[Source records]
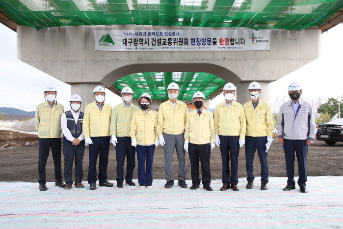 이날 현장을 방문한 건설교통위원들은 대구시 건설본부 관계자로부터 다사~왜관 간 광역도로 건설사업의 추진현황과 향후 계획에 대해 보고받고 현장을 시찰했다.
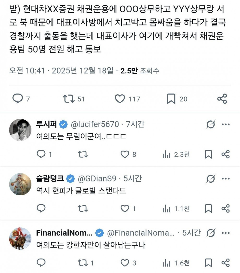 https://m.ddaily.co.kr/page/view/2025121817101305812 현대차증권이 자사 채권사업부를 절반으로 대폭 축소하는 조직 개편을 단행한 것으로 확인되면서 다양한 억측을 낳았다. 논란이 커지자 현대차증권은 "업무 효율화를 위한 결정"이라는 입장을 내놨다.
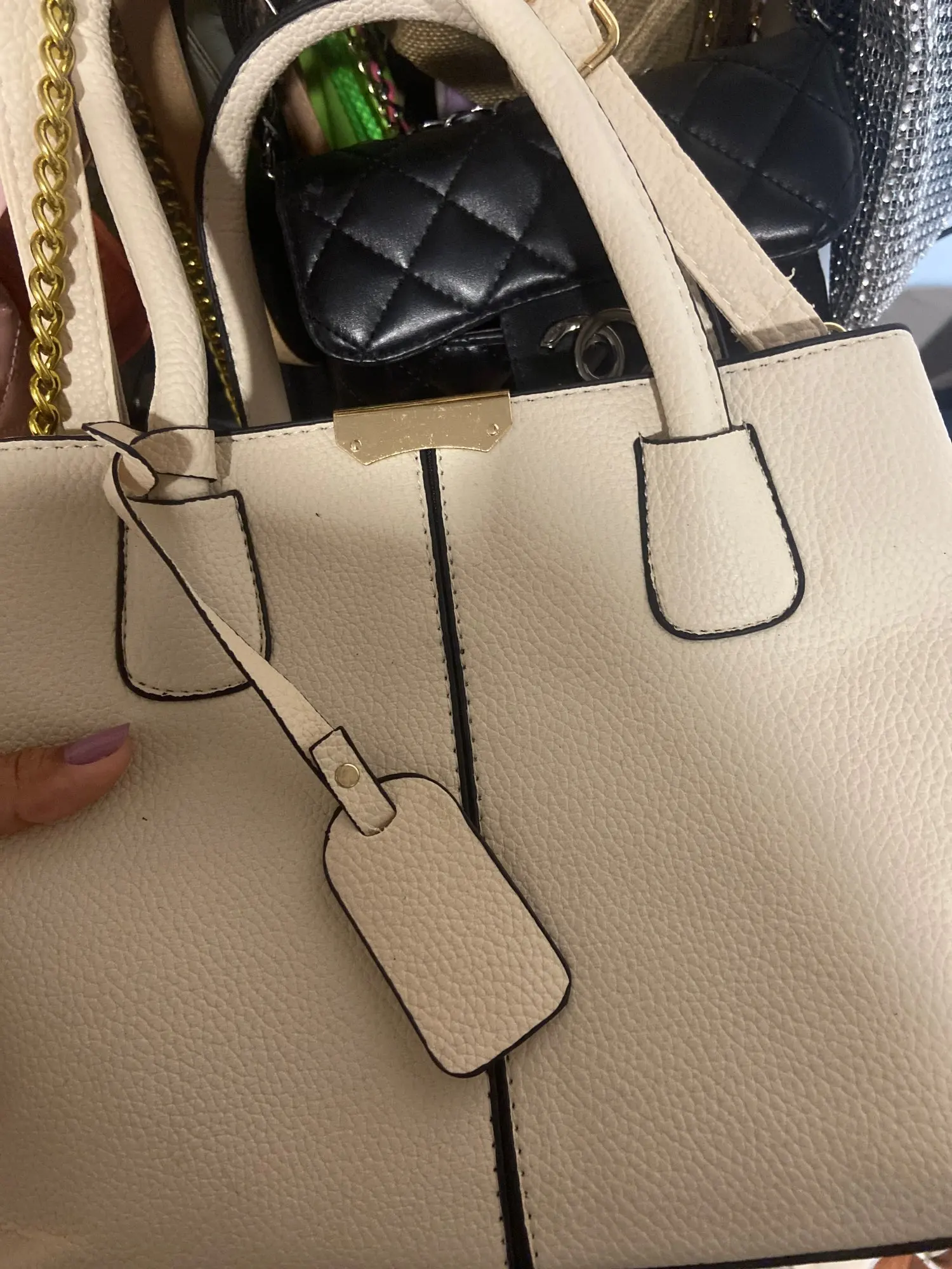 a bolsa é um charme,tamanho ideal p sair e levar o que nós mulheres precisamos dentro de uma bolsa,veio muito bem embalada,sem cheiro , acabamento perfeito,podem comprar sem medo
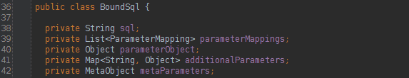 BoundSql类,封装mybatis最终产生sql的类,包括sql语句,参数,参数源数据等参数:
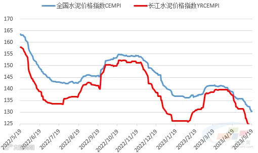 五月中旬全国市场终端需求仍较疲弱,企业库存普遍高位承压,市场竞争激烈,全国水泥价格延续跌势;
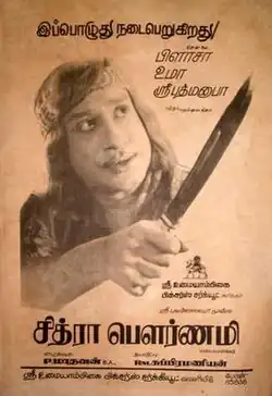 Chitra Pournami (transl. The full moon in the month of Chithirai)[1] is a 1976 Indian Tamil-language film, directed by P. Madhavan and written by Balamurugan. The film stars Sivaji Ganesan, Jayalalithaa, R. Muthuraman and C. R. Vijayakumari.[2] It was released on 22 October 1976.[3]
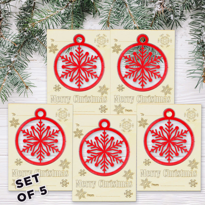 Christmas Wooden Card 4.5x6 inches with Pop-Out Ornament (Set of 5)
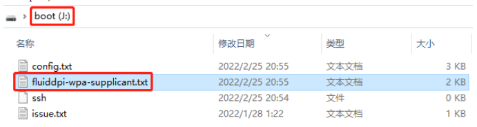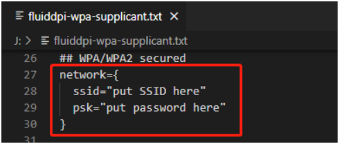 2、Find“fluiddpi-wpa-supplicant.txt”or “mainsail-wpa-supplicant.txt”in the SD card root directory, open it with VSCode (do not open it with windows notepad)
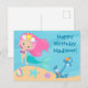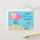 Tarjeta de cumpleaños feliz de sirena personalizada linda que presenta a una adorable niña de pelo rosa con una cola azulada genial nadando junto a hermosas conchas marinas en el océano. Tarjeta postal de cumpleaños de verano genial para una fiesta de piscina o niña de playa.
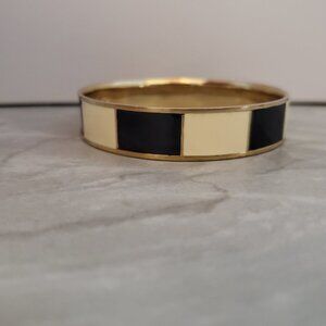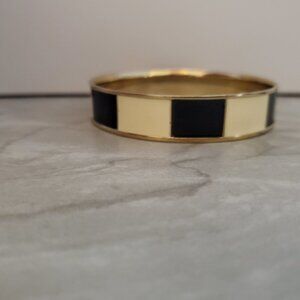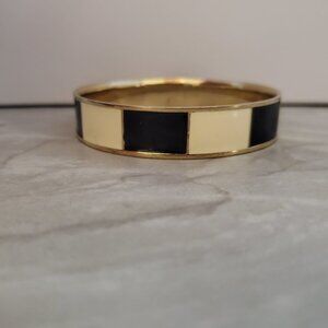 💕 Vintage 90s 1990s J.Crew Black Cream Striped Enamel Bangle Bracelet 💕

Work order >> Begin at the first line of the data above and repeat each line exactly, stopping after the line containing "Tarjeta de cumpleaños". Omit the pictures.

Task response >>
 이날 현장을 방문한 건설교통위원들은 대구시 건설본부 관계자로부터 다사~왜관 간 광역도로 건설사업의 추진현황과 향후 계획에 대해 보고받고 현장을 시찰했다.
 https://m.ddaily.co.kr/page/view/2025121817101305812 현대차증권이 자사 채권사업부를 절반으로 대폭 축소하는 조직 개편을 단행한 것으로 확인되면서 다양한 억측을 낳았다. 논란이 커지자 현대차증권은 "업무 효율화를 위한 결정"이라는 입장을 내놨다.
 a bolsa é um charme,tamanho ideal p sair e levar o que nós mulheres precisamos dentro de uma bolsa,veio muito bem embalada,sem cheiro , acabamento perfeito,podem comprar sem medo
 BoundSql类,封装mybatis最终产生sql的类,包括sql语句,参数,参数源数据等参数:
 五月中旬全国市场终端需求仍较疲弱,企业库存普遍高位承压,市场竞争激烈,全国水泥价格延续跌势;
 Chitra Pournami (transl. The full moon in the month of Chithirai)[1] is a 1976 Indian Tamil-language film, directed by P. Madhavan and written by Balamurugan. The film stars Sivaji Ganesan, Jayalalithaa, R. Muthuraman and C. R. Vijayakumari.[2] It was released on 22 October 1976.[3]
 Christmas Wooden Card 4.5x6 inches with Pop-Out Ornament (Set of 5)
 2、Find“fluiddpi-wpa-supplicant.txt”or “mainsail-wpa-supplicant.txt”in the SD card root directory, open it with VSCode (do not open it with windows notepad)
 Tarjeta de cumpleaños feliz de sirena personalizada linda que presenta a una adorable niña de pelo rosa con una cola azulada genial nadando junto a hermosas conchas marinas en el océano. Tarjeta postal de cumpleaños de verano genial para una fiesta de piscina o niña de playa.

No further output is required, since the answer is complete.